Yesterday President George Bush declared Friday, September 16 a national day of prayer and remembrance for the victims of Hurricane Katrina. After hearing that the federal bill for Katrina's aftermath is predicted to head toward $200 billion, Pundita's first thought was to call for the final, nuclear measure: The Taco Bell Solution.

For those too lazy to use the Google search engine on this blog, that awful measure is to herd all concerned Washington players into one place, not allow them out until they have screwed their heads back on straight, and commandeer Taco Bell to deliver breakfast, lunch and dinner for however long it takes.

But not being a mean person by nature, and in light of the scope of the tragedy, I've downgraded to calling for a national day of thinking.

Just a few months ago, ahead of the G8 meeting in Gleneagles, contingents of columnists worked themselves into fits about corruption in African governments.

So we really need to stop and think, in a very graphic detailed way, about what the state and local governments of Louisiana and Mississippi can do with a huge windfall coming their way. Government in those US states have much in common with many governments in perpetually poor countries.

Corruption is just one factor to consider when spreading around hundreds of billions without draconian oversight. We just got through a transportation bill that was laden with so much pork it oinked. The question is how much pork would attach to a $200 billion spending spree.

I think Congress needs to realize that they could double or treble the spending and this would not stop questions about how a major American city got into the position it did. No amount of guilt money will halt the questions.

We also need to think about something called the future. Yesterday Scott McClellan passed along the White House argument that the yearly bill for Medicare is much larger than a "one time" payment for Katrina. The logic is that no matter what the bill the United States economy can absorb a once-in-a-lifetime whopping payment rather easily.

The logic assumes the rest of this hurricane season, flu season, next hurricane season, weather patterns signaling drought, tinder dry forests, faults in the earth, a major infrastructure system and America's enemies won't spring a surprise.

In short, there is nothing but hope backing the assumption that lightning won't strike twice.
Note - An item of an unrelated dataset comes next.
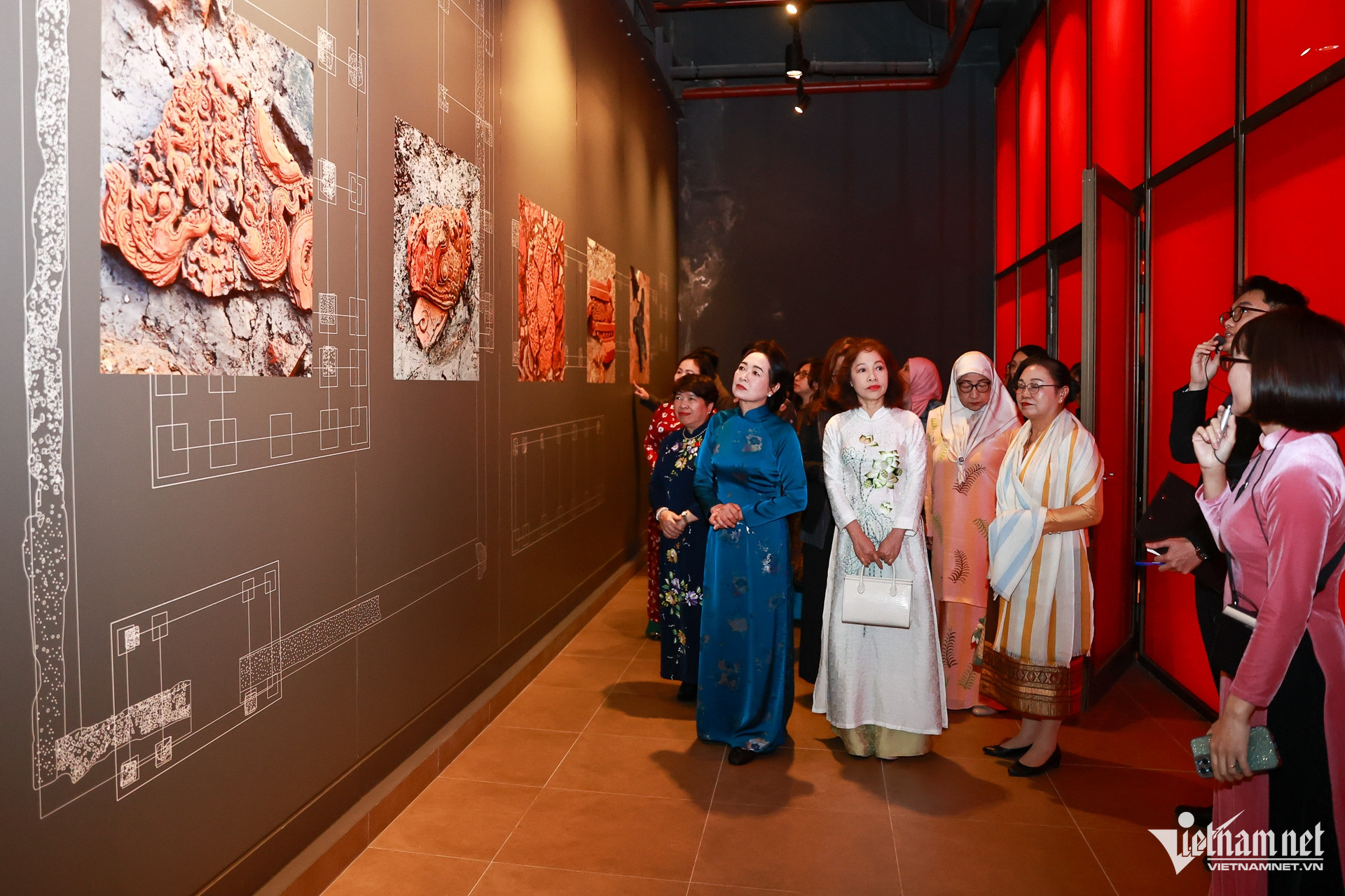 Các nhà ngoại giao nữ đã chiêm ngưỡng không gian trưng bày, với những mô phỏng về một kiến trúc của cung điện thời Lý, được tái tạo giống như bối cảnh khai quật. Hệ thống 42 đèn cột ánh sáng, để gợi mở cho công chúng hình dung về 42 cột gỗ của một công trình kiến trúc cung điện thời Lý.

Perhaps that is why President Bush called for a national day of prayer: he saw the estimates of the one time bill for reconstruction and relief, and hopes there won't be a second time bill anytime soon.

But I think the most important thinking on a day reserved for thought should be in the area of community preparedness. Doug Duncan went a little over the top, but I don't think he was trying to score political points when he called for a review of Greater Washington DC's disaster planning in the wake of Katrina.
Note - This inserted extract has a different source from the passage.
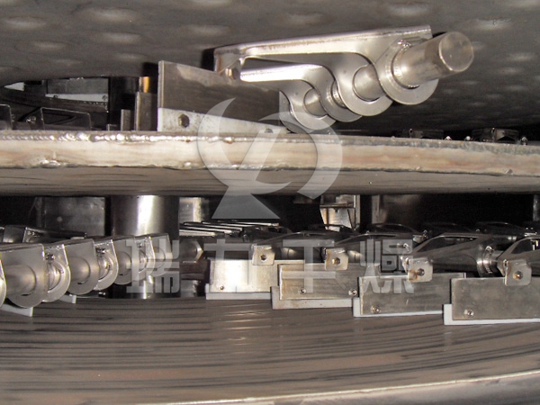 濕物料自加料器連續(xù)地加到干燥器上部第一層干燥盤上,帶有耙葉的耙臂作回轉(zhuǎn)運(yùn)動(dòng)使耙臂作回轉(zhuǎn)運(yùn)動(dòng)使耙葉連續(xù)地翻抄物料。物料沿指數(shù)螺旋線流過干燥盤表面,在小干燥盤上的物料被移送到外緣,并在外緣落到下方的大干燥盤外緣,在大干盤上物料向里移動(dòng)并從中間落料口落如下一層小干燥盤中。大小干燥盤上下交替排列,物料得以連續(xù)地流過整個(gè)干燥器。中空的干燥盤內(nèi)通入加熱介質(zhì),加熱介質(zhì)形式有飽和蒸汽、熱水和導(dǎo)熱油,加熱介質(zhì)由干燥盤的一端進(jìn)入,從另一端導(dǎo)出。已干物料從最后一層干燥盤落到殼體的底層,最后被耙葉移送到出料口排出。濕份從物料中逸出,由設(shè)在頂蓋上的排濕口排出,真空型盤式干燥器的濕氣由設(shè)在頂蓋上的真空泵口排出。從底層排出的干物料可直接包裝。通過配加翅片加熱器、溶劑回收冷凝器、袋式除塵器、干料返混機(jī)構(gòu)、引風(fēng)機(jī)等輔機(jī),可提高其干燥的生產(chǎn)能力,干燥膏糊狀和熱敏性物 料,可方便地回收溶劑,并能進(jìn)行熱解和反應(yīng)操作。

Two reminders from Katrina: hurricanes can zig on a dime and hit regions that never before experienced catastrophic flooding, and at virtually the same time devastate a large region. So even with the best federal assistance program, regions anywhere near a coastline should be prepared to fend for themselves for at least 72 hours without outside help.
Top Washington area elected officials conferred [September 8] by conference call, at the request of Montgomery County Executive Doug Duncan, to begin re-evaluating and strengthening emergency plans in light of concerns about the federal response to Hurricane Katrina in the Gulf region. The conference call was organized by the Metropolitan Washington Council of Governments (COG).

Duncan and the other area officials agreed to ask COG to help the region’s local governments, the State of Maryland, the Commonwealth of Virginia and key federal agencies re-evaluate the emergency coordination plans adopted since the 2001 terrorist attacks.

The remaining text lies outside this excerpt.